News Roundup: Another Successful Test Launch For Blue Origin, Jeff Bezos’ Spaceflight Company

Our daily look at Texas headlines.

By Alexandra HartJuly 19, 2018 12:59 pm

Private aerospace company Blue Origin completed a successful launch of its New Shepard rocket yesterday in West Texas.

It’s the rocket’s second launch of the year and the ninth flight overall for the company, owned by Amazon founder Jeff Bezos.

The New Shepard, named after American astronaut Alan Shepard, is designed to eventually take commercial passengers into suborbital flight.

Yesterday’s mission was to test the crew capsule escape motor at around 400,000 feet, its highest altitude yet. The successful test shows that the abort mechanism, there in case on an emergency, is able to work at low, middle and high altitudes.
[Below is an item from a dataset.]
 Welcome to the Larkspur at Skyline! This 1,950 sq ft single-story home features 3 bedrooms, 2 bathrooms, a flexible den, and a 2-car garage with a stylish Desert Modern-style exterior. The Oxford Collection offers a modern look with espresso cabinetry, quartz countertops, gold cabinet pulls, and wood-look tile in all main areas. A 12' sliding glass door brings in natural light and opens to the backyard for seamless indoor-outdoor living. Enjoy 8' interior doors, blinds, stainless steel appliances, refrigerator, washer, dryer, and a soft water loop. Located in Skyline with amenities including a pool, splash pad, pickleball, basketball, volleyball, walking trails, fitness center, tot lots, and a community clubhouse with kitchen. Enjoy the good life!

As the capsule touched back down after the test, Blue Origin announcer Ariane Cornell hailed the launch as a success, calling it “picture perfect.”

The company says piloted test flights are expected to begin later this year, but no date has been set.
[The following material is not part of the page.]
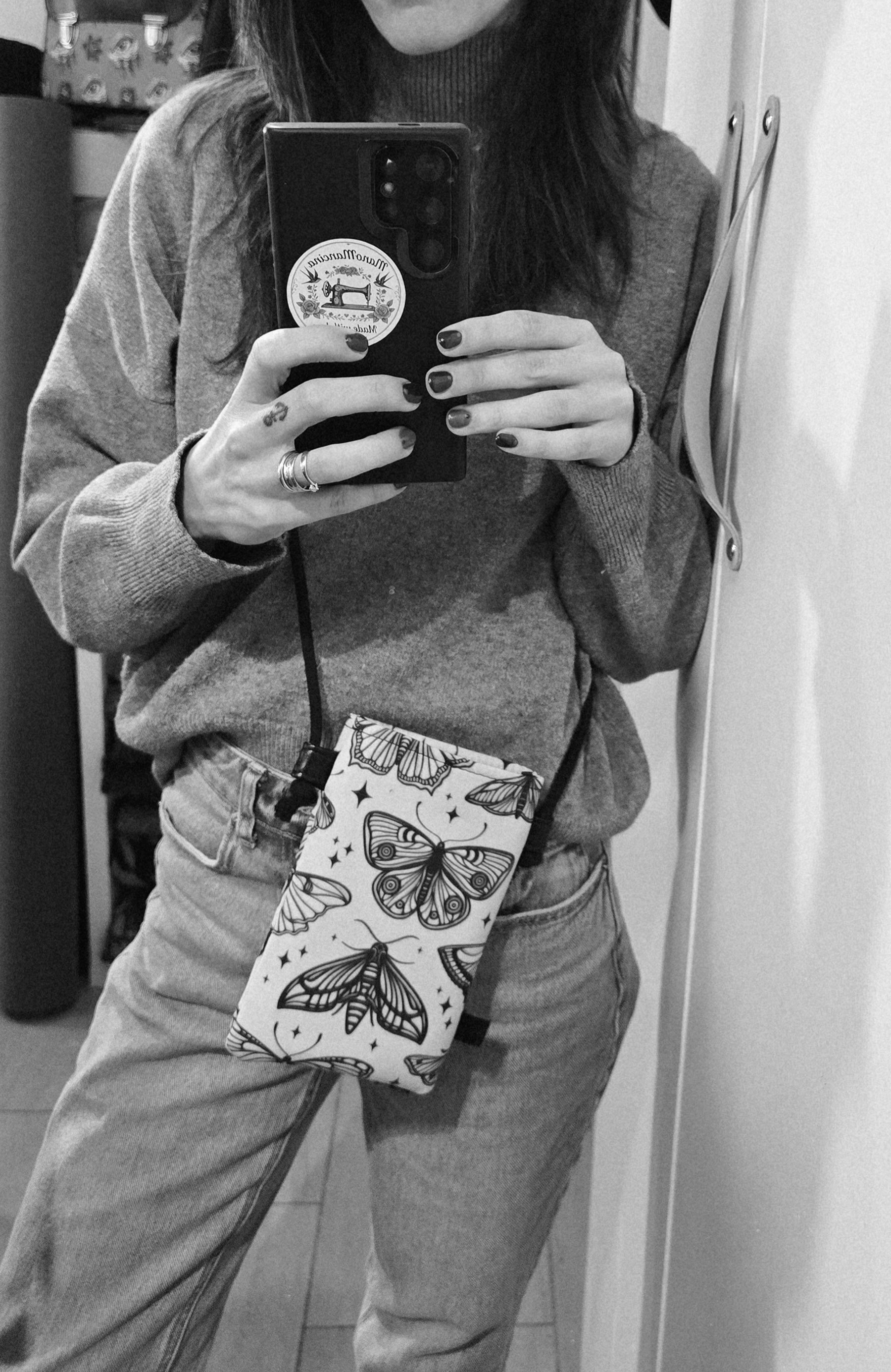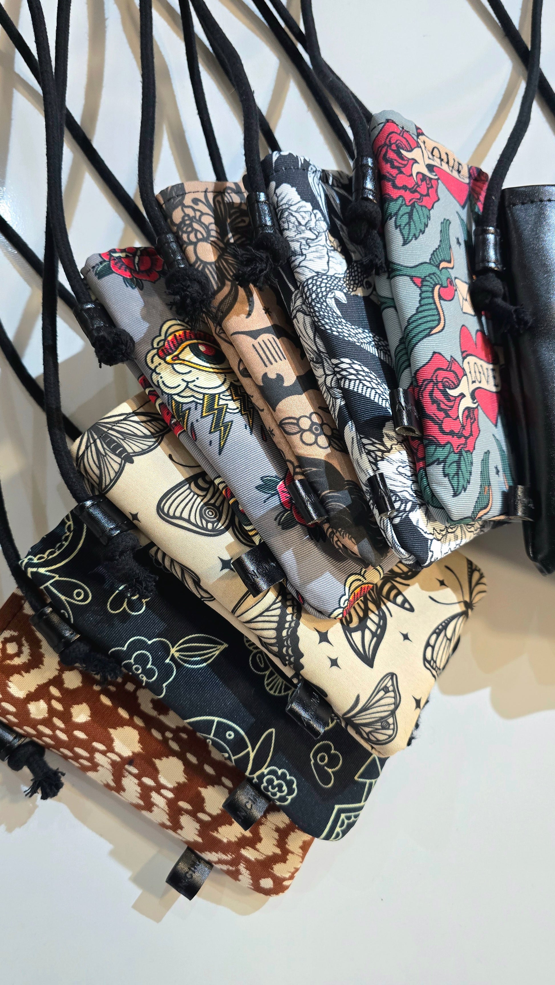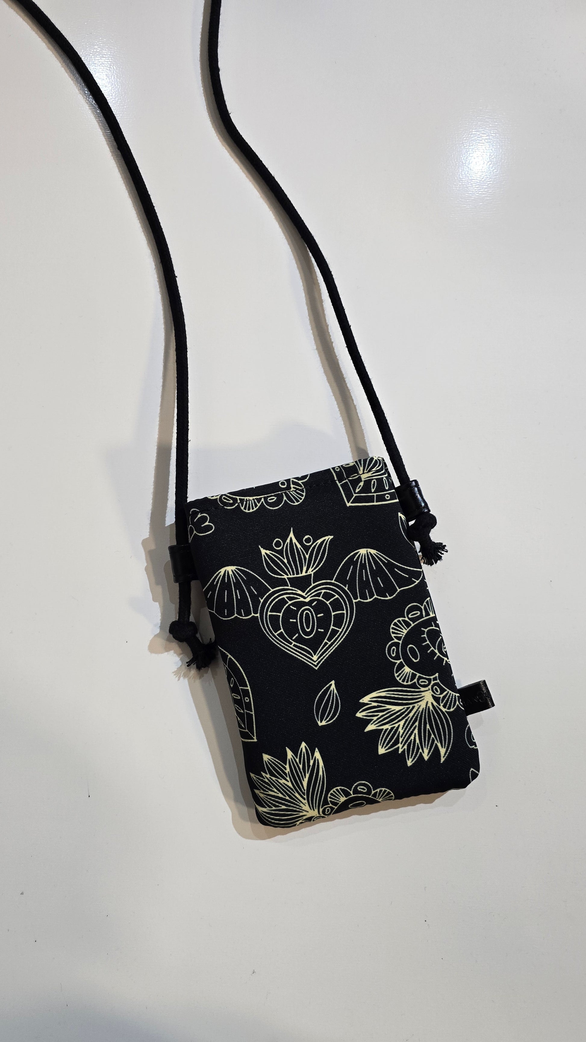 Borsetta porta cellulare misura 13x19cm interno similpelle esterno tessuto fantasia, tracolla Cordino nero 1 cm

So far, crew capsules have been manned by a test dummy called “Mannequin Skywalker.”


Texas Public Radio’s Ryan Poppe reports that Texas pollinators, like the honeybee and monarch butterfly, have seen declining populations over the past decades. Yesterday, lawmakers in the Texas House of Representatives discussed what can be done to boost their numbers.
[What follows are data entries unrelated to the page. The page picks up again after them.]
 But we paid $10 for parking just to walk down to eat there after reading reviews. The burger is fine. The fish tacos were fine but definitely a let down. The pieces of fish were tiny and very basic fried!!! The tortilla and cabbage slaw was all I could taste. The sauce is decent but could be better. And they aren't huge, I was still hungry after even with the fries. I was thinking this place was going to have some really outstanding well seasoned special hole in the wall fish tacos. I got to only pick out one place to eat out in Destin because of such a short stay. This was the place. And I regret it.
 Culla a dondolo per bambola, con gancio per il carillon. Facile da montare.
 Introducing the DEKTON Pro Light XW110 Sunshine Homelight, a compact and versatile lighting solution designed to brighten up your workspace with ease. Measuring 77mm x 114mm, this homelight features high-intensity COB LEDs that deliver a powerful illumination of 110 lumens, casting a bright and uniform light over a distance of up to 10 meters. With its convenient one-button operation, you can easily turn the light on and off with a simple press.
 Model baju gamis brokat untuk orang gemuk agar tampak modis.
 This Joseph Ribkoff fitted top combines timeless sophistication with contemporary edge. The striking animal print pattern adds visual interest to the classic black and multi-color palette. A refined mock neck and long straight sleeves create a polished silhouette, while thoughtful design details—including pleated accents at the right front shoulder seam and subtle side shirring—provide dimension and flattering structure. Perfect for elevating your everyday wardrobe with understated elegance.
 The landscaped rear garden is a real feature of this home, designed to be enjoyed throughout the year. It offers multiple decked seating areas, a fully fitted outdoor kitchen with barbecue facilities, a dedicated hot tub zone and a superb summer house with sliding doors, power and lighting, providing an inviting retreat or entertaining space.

According to Texas Parks and Wildlife, honeybees and other agricultural pollinators contribute an estimated $25 billion a year to the U.S. economy. But those pollinators are under threat in Texas.

Ben Hutchins, an invertebrate biologist with Parks and Wildlife, told a joint committee of the House Committees on Agriculture and Livestock and Culture, Recreation and Tourism that Texas’ honeybee and monarch butterfly populations have declined for several decades “due to a number of reasons” including “habitat loss, as natural lands are replaced by urban and suburban environments.”

Clint Walker, owner of the Walker Honey Farm and a member of the Texas Beekeepers Association, says one way the legislature could reverse that trend is to attract more urban beekeepers to Texas by increasing the number of state agricultural exemptions on the property taxes.

“Urban beekeepers do quite well,” Walker said. “They don’t suffer droughts.”

Walker added that he would also like to see legislation that could balance the needs of farmers who use pesticides and beekeepers who rely on flowering plants killed by these pesticides.


Triple digit temperatures across much of the state have Texans reaching into the freezer for cool treats – but check your ice cream before digging in.

H-E-B is issuing a voluntary recall for two variety packs of its in-house Creamy Creations ice cream brand. According to the grocery chain, pieces of broken metal were found in processing equipment.

Two variety packs are included in the recall: chocolate/vanilla 12 packs and orange/lime sorbet 12 packs.

The company says that the products were not distributed to stores in Houston and Mexico.